That they chose Belle Isle to kill Frances disturbed Tintori greatly. She thought back on the many picnics on Belle Isle, and happy wedding photos taken in front of the Scott Fountain. What did her older relatives think when they went there, Tintori wonders. Did they think of Frances?
When Rocco and Pasquale told the gang capo who hoped to marry Frances that they had killed her and restored honor to the family, he was horrified. A hit was ordered on the brothers, which created a whole new set of problems. Their father went to the gang boss, begging that his sons' lives be spared. Domenico's plea: That he had already lost a daughter.
As for Frances' barber, he disappeared. "He thought he would be next," Tintori said.
Police kept out of it
It's hard to imagine today how such a thing could happen in the 20th century, in a North American city, without raising the interest of the police.
"Omerta," Tintori said. "You don't tell."
Detroit was also a densely populated, somewhat lawless place in 1919, when Prohibition went into law in Michigan.
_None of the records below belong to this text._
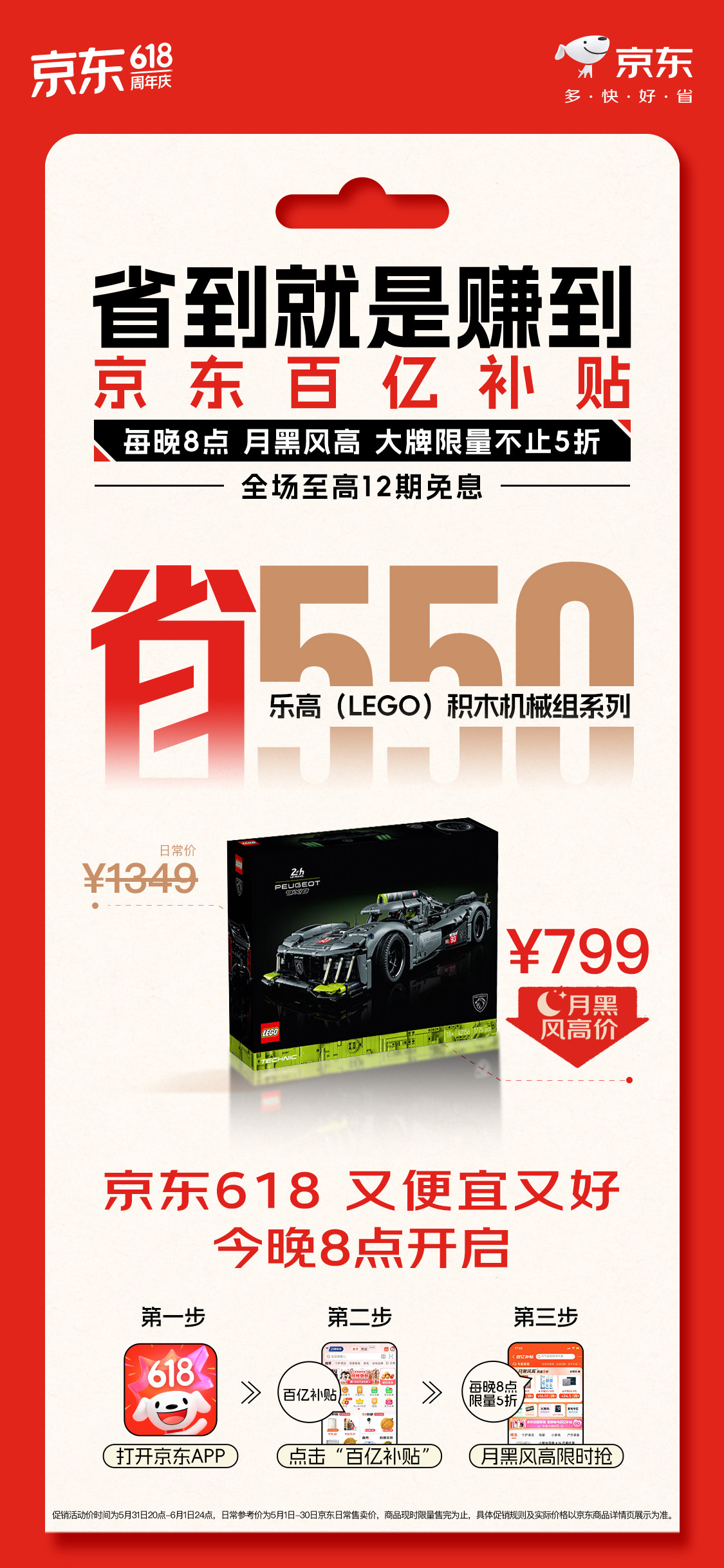 “百亿补贴日”活动期间,正是六一儿童节,如果还没有选好送给家中小朋友或者童心未泯的自己的节日礼物,不妨看看这两款,乐高(LEGO)积木机械组系列标致9x8超跑,1:10比例呈现理想车模尺寸,收藏版经典标致9x8无尾翼混动跑车更具有纪念意义,京东日常价1349元,月黑价低至799元;送给女孩的话,这款迪士尼(Disney)春日复活节限定玲娜贝儿站姿毛绒挂件定能俘获她的心,奶呼呼的小狐狸可爱十足,京东日常价299元,月黑价只需149.5元。
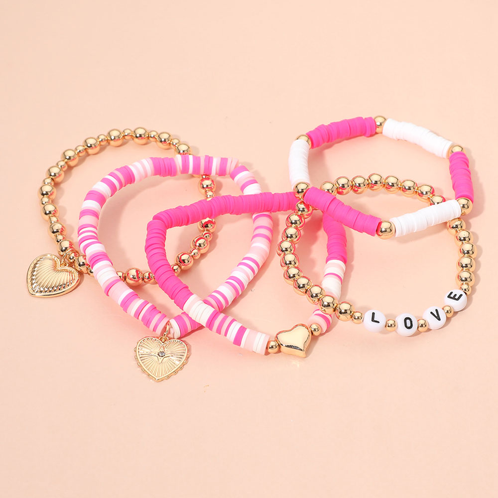 Details • Size : 2" H • Stretchable • Trendy stretch bracelet set featuring layered beaded designs, heart charms, and letter bead detail spelling love. Easy to wear and stack, this playful bracelet set is ideal for everyday styling, gifting, and boutique jewelry collections seeking youthful, expressive accessories. • Lead and Nickel Compliant
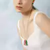 Corrente em malha portuguesa com pingente tassel com cristais búlgaros rosa, pérola de água doce e zircônias brancas, banhado a ouro.
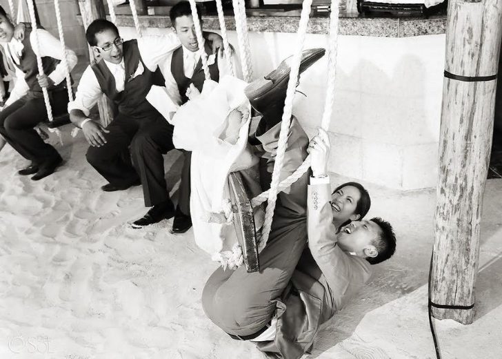 A worthy partner is one who doesn’t let you look foolish alone, and joins in to look foolish with you! Here, the bride had joined her husband and his gang of boys to take photos near a set of swings, but there wasn’t one free for her, so she just sat on the one her husband was seated on. Well, the swing had a mind of its own and decided it was one too many people on it. So with one move and lean behind, the couple fell backwards and landed flat on their backs. But they had a sense of humor and just laughed away the incident. How sweet!
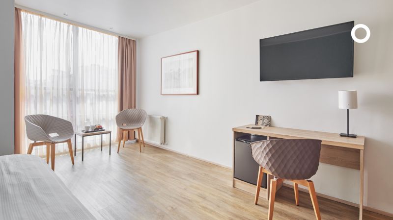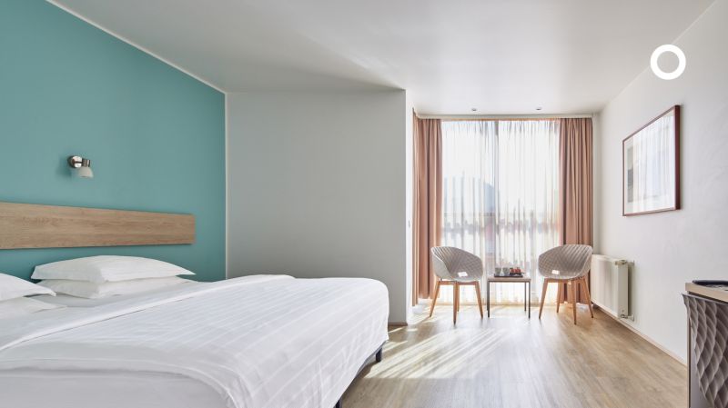 Todas las habitaciones tienen una decoración luminosa y moderna, con suelos de parqué y un mobiliario contemporáneo en madera de roble. Cada una de ellas dispone de cuarto de baño con ducha/bañera y secador de pelo, cama doble o extra grande, teléfono de línea directa, TV vía satélite/por cable, conexión a Internet, caja fuerte, minibar, cafetera/tetera, set de plancha, aire acondicionado y calefacción central.

Organized crime was just taking shape and rival neighborhood gangs fought over turf.
JoEllen Vinyard, a history professor at Eastern Michigan University, describes what the city was like in the newer immigrant enclaves.
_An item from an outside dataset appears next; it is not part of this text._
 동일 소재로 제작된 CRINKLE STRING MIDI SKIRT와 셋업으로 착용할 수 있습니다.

"There were more blind pigs after Prohibition, than there had been bars," Vinyard said. "The city was packed to the gills because of all the new migration from the South that had come in, and a booming auto industry. It was lawless, the gangs were pretty much in control of their territory."
Detroit's newer ethnic neighborhoods, where Italians and Poles lived, were particularly impenetrable.
"These were very closed, ethnic societies," Vinyard said. "They had their own churches and social groups, they associated with each other. Many did not even speak English, especially the women."
Many girls from the ethnic neighborhoods didn't even go to school. Because the older Costa daughters Giusippina and Frances already could read and write, they didn't attend school, so there was no sudden absence to explain after Frances disappeared. After Tintori found out what happened to Frances, she summoned up the nerve to ask her mother Jenny about it. Her mother's reaction was immediate, profane and angry. "Forget about that (expletive)" she shouted. Jenny had never even told her husband, Tintori's father, about Frances.
Faced with either outright hostility, or with tears from the older generation -- her great-uncles Louie and Michael both cried when recalling their sister Frances -- Tintori pressed on for years, trying to piece together how such a thing could happen in 20th century Detroit.
Tintori's great-uncle Louie, who was a boy when his older sister Frances was killed, spoke to her several times over the years about Frances' murder, usually insisting that only "family" be present, no in-laws.
His story varied at times, but key details remained the same. After one of the brothers told his parents what they had done to Frances, Louie said his father cried, and his mother screamed all night, so loudly that she could be heard for blocks.
Although Frances' generation, the one that guarded the secret, are now all dead, the family's younger members, many years distant from the crime, were more supportive of Tintori's quest.
One of Grace's daughters, Donna Schepke, 45, of Warren remembers when her cousin started digging for the truth about Frances in the early '90s.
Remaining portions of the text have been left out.